4OR
- Discipline: Operations Research, Decision Theory
- Language: English
- Edited by: Yves Crama, Michel Grabisch, Silvano Martello

Publication details
- History: 2003-present
- Publisher: Springer Science+Business Media
- Open access: Hybrid
- Impact factor: 1.763 (2021)

Standard abbreviations
- ISO 4: 4OR

Indexing
- ISSN: 1619-4500 (print) 1614-2411 (web)

Links
- Journal homepage; Online access;

= 4OR =

4OR - A Quarterly Journal of Operations Research is a peer-reviewed scientific journal that was
established in 2003 and is published by Springer Science+Business Media.
It is a joint official journal of the Belgian,
French, and
Italian Operations Research Societies.
The journal publishes research papers and surveys on the theory and applications of Operations Research.
The Editors-in-chief are Yves Crama (University of Liège),
Michel Grabisch (Pantheon-Sorbonne University), and Silvano Martello (University of Bologna).

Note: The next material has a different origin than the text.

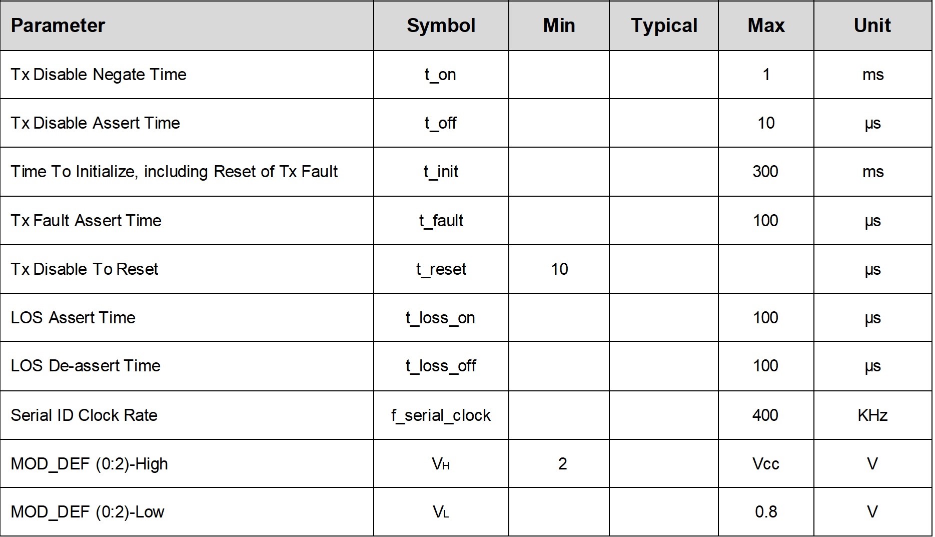 2) TX Disable is an input that is used to shut down the transmitter optical output. It is pulled up within the module with a 4.7k~10kΩ resistor. Its states are: Low (0 to 0.8V): Transmitter on (>0.8V, < 2.0V): Undefined High (2.0 to 3.465V): Transmitter Disabled Open: Transmitter Disabled

== Abstracting and indexing ==
The journal is abstracted and indexed in the following databases:
- DBLP
- EconLit
- EBSCO Information Services
- Google Scholar
- International Abstracts in Operations Research
- Journal Citation Reports
- Mathematical Reviews
- OCLC
- ProQuest
- Science Citation Index
- SCImago Journal Rank
- Scopus
- Zentralblatt Math

According to the Journal Citation Reports, the journal has a 2024 impact factor of 2.6.